四、Pytorch复现ResNext-50模型
1.分组卷积模块
pytorch
class GroupedConvBlock(nn.Module):
def __init__(self, in_channel, kernel_size=3, stride=1, groups=32):
super(GroupedConvBlock, self).__init__()
self.g_channel = in_channel//groups
self.groups = groups
self.conv = nn.Conv2d(self.g_channel, self.g_channel, kernel_size=3, stride=stride, padding=1, bias=False)
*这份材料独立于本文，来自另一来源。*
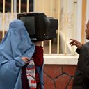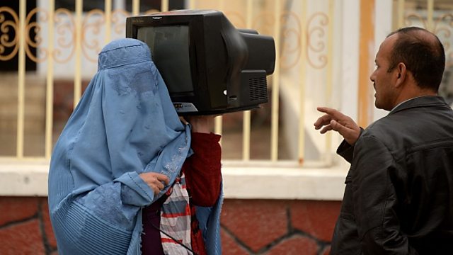 (Photo: An Afghan burqa-clad woman vendor holds a television over her shoulder. Credit: AFP)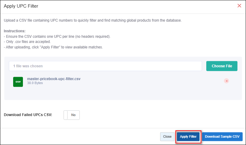 CSV Upload - Apply UPC Filter (Global Pricebook)

self.norm = nn.BatchNorm2d(in_channel)
self.relu = nn.ReLU(inplace=True)
def forward(self, x):
g_list = []
# 分组进行卷积
for c in range(self.groups):
g = x[:,c*self.g_channel:(c+1)*self.g_channel,:,:]
g = self.conv(g)
g_list.append(g)
x = torch.cat(g_list, dim=1)
x = self.norm(x)
x = self.relu(x)
return x
2.定义残差单元
pytorch
''' Residual Block '''
class Block(nn.Module):
def __init__(self, in_channel, filters, kernel_size=3, stride=1, groups=32, conv_shortcut=True):
super(Block, self).__init__()
self.shortcut = conv_shortcut
if self.shortcut:
self.short = nn.Conv2d(in_channel, 2*filters, kernel_size=1, stride=stride, padding=0, bias=False)
elif stride>1:
self.short = nn.MaxPool2d(kernel_size=1, stride=stride, padding=0)
else:
self.short = nn.Identity()
self.conv1 = nn.Sequential(
nn.Conv2d(in_channel, filters, kernel_size=1, stride=1, bias=False),
nn.BatchNorm2d(filters),
nn.ReLU(True)
)
self.conv2 = GroupedConvBlock(in_channel=filters, kernel_size=kernel_size, stride=stride, groups=groups)
self.conv3 = nn.Sequential(
nn.Conv2d(filters, 2*filters, kernel_size=1, stride=1, bias=False),
nn.BatchNorm2d(2*filters)
)
self.relu = nn.ReLU(inplace=True)
def forward(self, x):
if self.shortcut:
x2 = self.short(x)
else:
x2 = self.short(x)
x1 = self.conv1(x)
x1 = self.conv2(x1)
x1 = self.conv3(x1)
x = x1 + x2
x = self.relu(x)
return x
3.堆叠残差单元
每个stack的第一个block的输入和输出的shape是不一致的,所以残差连接都需要使用1*1卷积升维后才能进行Add操作。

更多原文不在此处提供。